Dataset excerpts
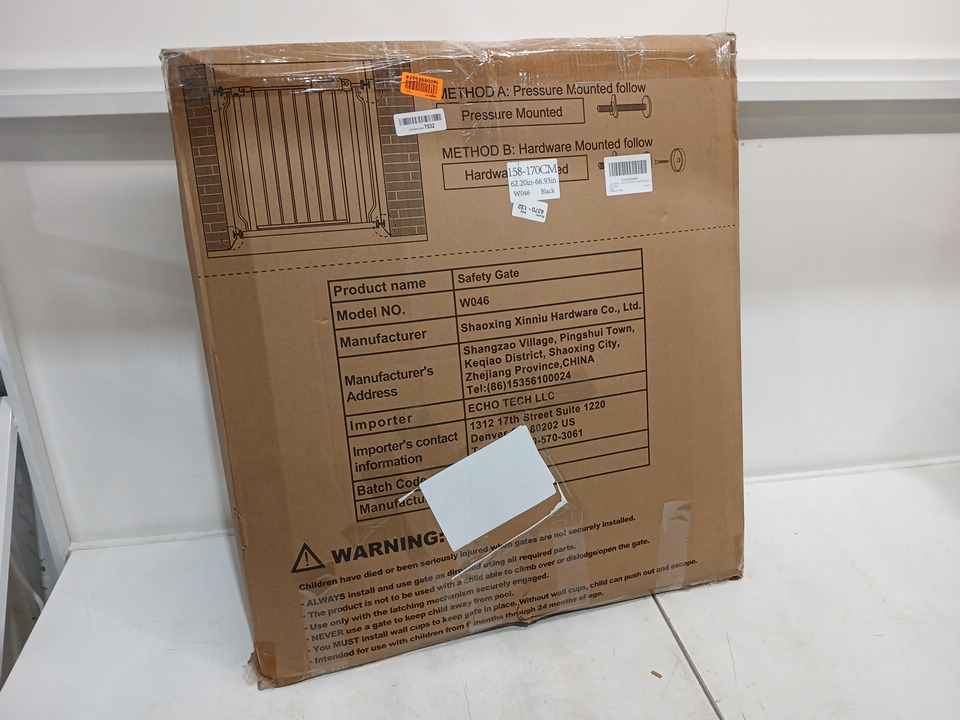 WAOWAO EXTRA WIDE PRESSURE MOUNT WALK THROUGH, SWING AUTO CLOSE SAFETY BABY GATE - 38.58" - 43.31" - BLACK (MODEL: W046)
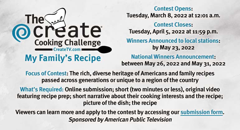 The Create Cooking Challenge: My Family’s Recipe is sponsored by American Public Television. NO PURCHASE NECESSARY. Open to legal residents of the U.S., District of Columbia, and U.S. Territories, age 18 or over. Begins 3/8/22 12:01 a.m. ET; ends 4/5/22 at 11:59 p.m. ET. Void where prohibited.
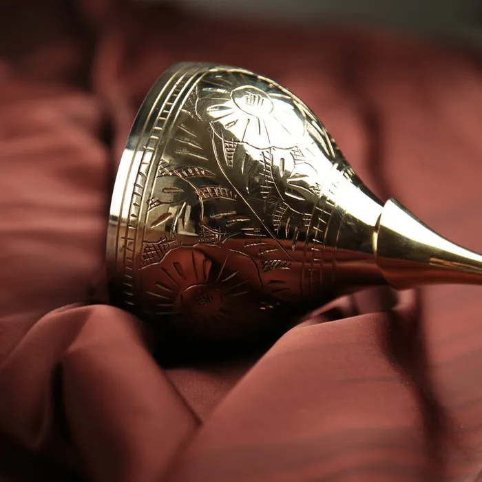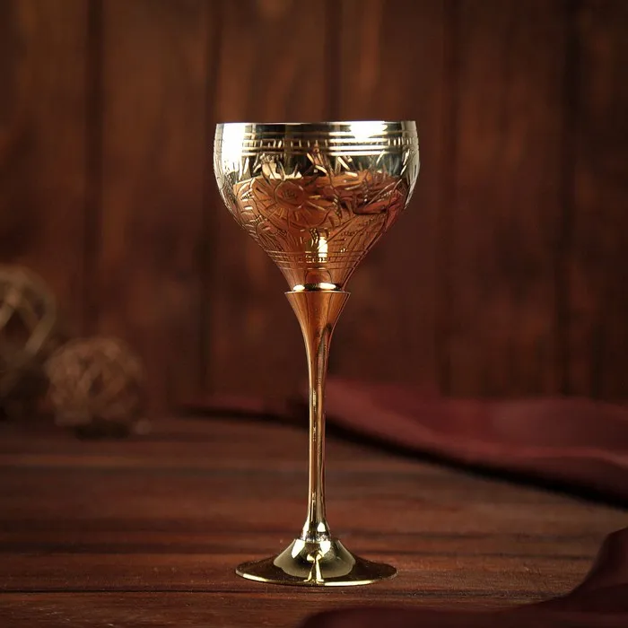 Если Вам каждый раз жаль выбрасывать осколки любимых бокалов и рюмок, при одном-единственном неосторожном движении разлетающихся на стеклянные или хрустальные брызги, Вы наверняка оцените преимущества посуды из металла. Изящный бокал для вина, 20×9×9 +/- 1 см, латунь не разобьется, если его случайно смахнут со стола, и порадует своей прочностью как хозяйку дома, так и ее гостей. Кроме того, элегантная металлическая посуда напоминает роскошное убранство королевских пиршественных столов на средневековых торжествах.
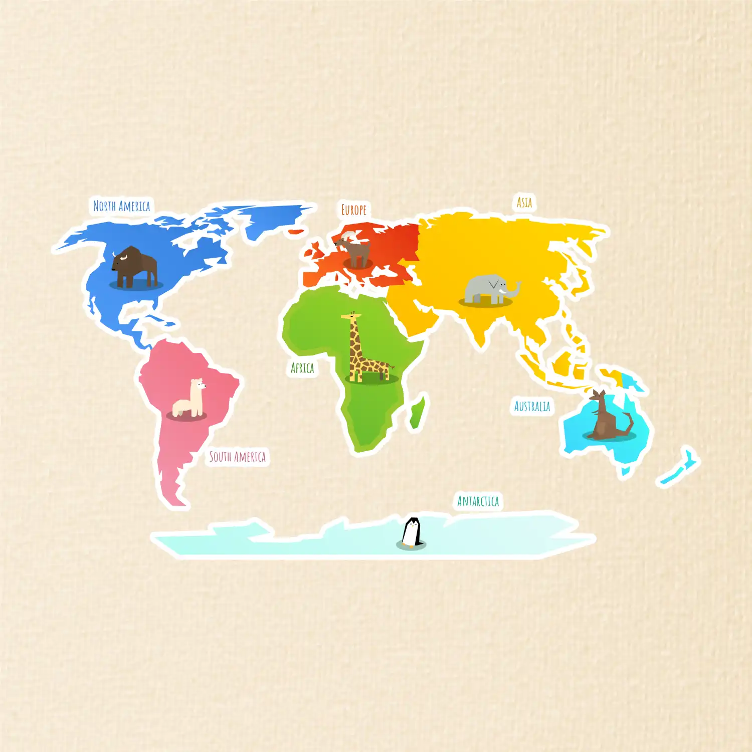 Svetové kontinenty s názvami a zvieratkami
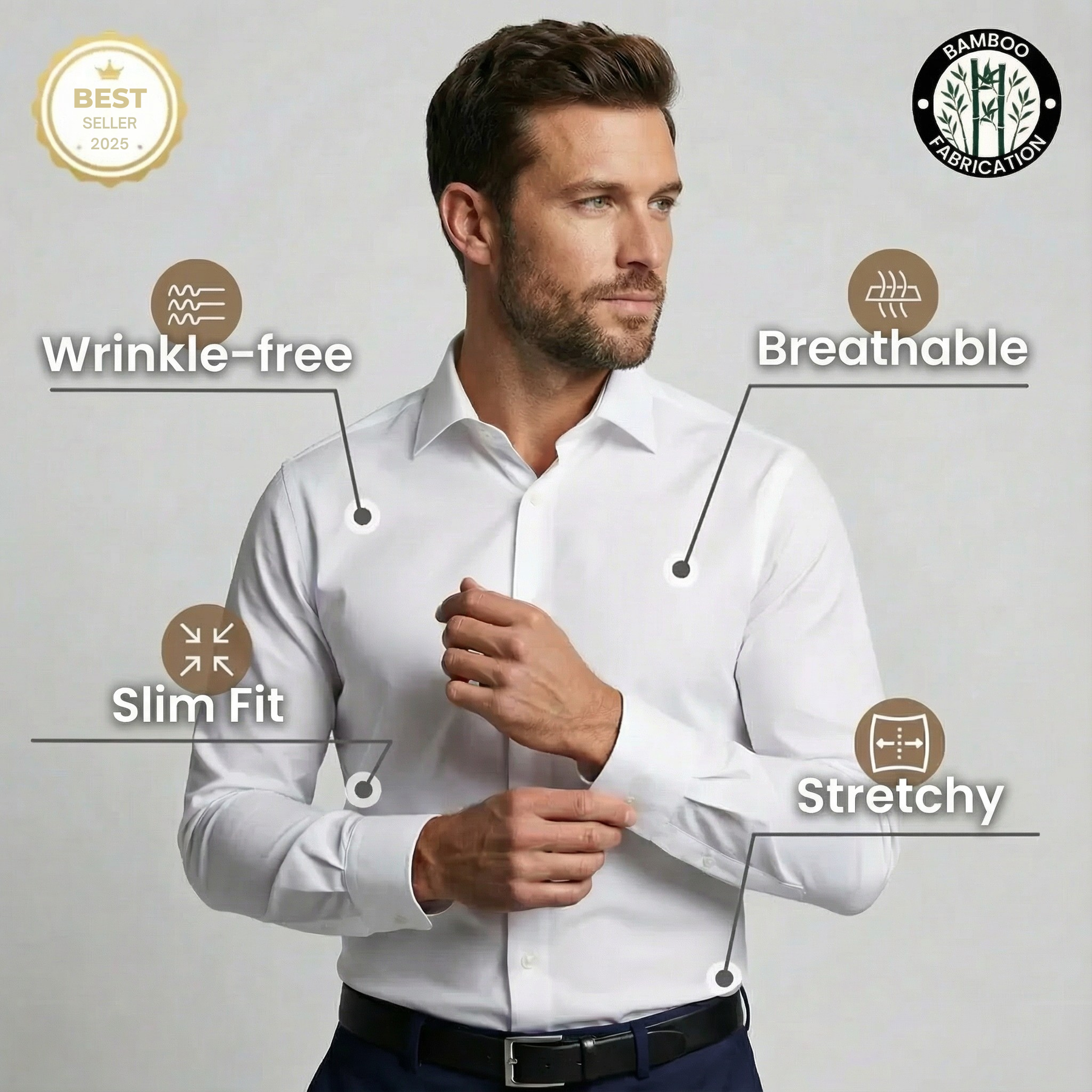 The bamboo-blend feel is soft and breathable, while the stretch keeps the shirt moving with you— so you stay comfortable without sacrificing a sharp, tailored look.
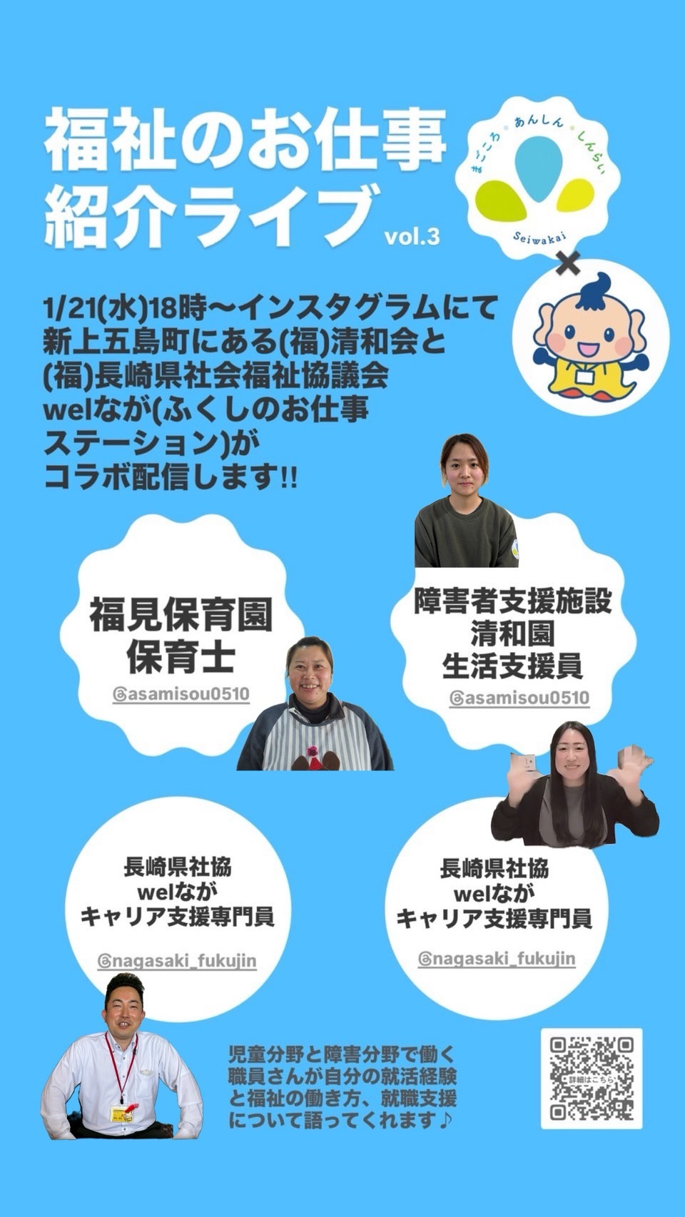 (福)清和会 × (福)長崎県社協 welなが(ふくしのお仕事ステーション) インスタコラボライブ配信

* **ABOUT THIS EXERCISE**
Please set the records down again exactly as written. The pictures should not be included.

* **ANSWER SECTION**
 WAOWAO EXTRA WIDE PRESSURE MOUNT WALK THROUGH, SWING AUTO CLOSE SAFETY BABY GATE - 38.58" - 43.31" - BLACK (MODEL: W046)
 The Create Cooking Challenge: My Family’s Recipe is sponsored by American Public Television. NO PURCHASE NECESSARY. Open to legal residents of the U.S., District of Columbia, and U.S. Territories, age 18 or over. Begins 3/8/22 12:01 a.m. ET; ends 4/5/22 at 11:59 p.m. ET. Void where prohibited.
 Если Вам каждый раз жаль выбрасывать осколки любимых бокалов и рюмок, при одном-единственном неосторожном движении разлетающихся на стеклянные или хрустальные брызги, Вы наверняка оцените преимущества посуды из металла. Изящный бокал для вина, 20×9×9 +/- 1 см, латунь не разобьется, если его случайно смахнут со стола, и порадует своей прочностью как хозяйку дома, так и ее гостей. Кроме того, элегантная металлическая посуда напоминает роскошное убранство королевских пиршественных столов на средневековых торжествах.
 Svetové kontinenty s názvami a zvieratkami
 The bamboo-blend feel is soft and breathable, while the stretch keeps the shirt moving with you— so you stay comfortable without sacrificing a sharp, tailored look.
 (福)清和会 × (福)長崎県社協 welなが(ふくしのお仕事ステーション) インスタコラボライブ配信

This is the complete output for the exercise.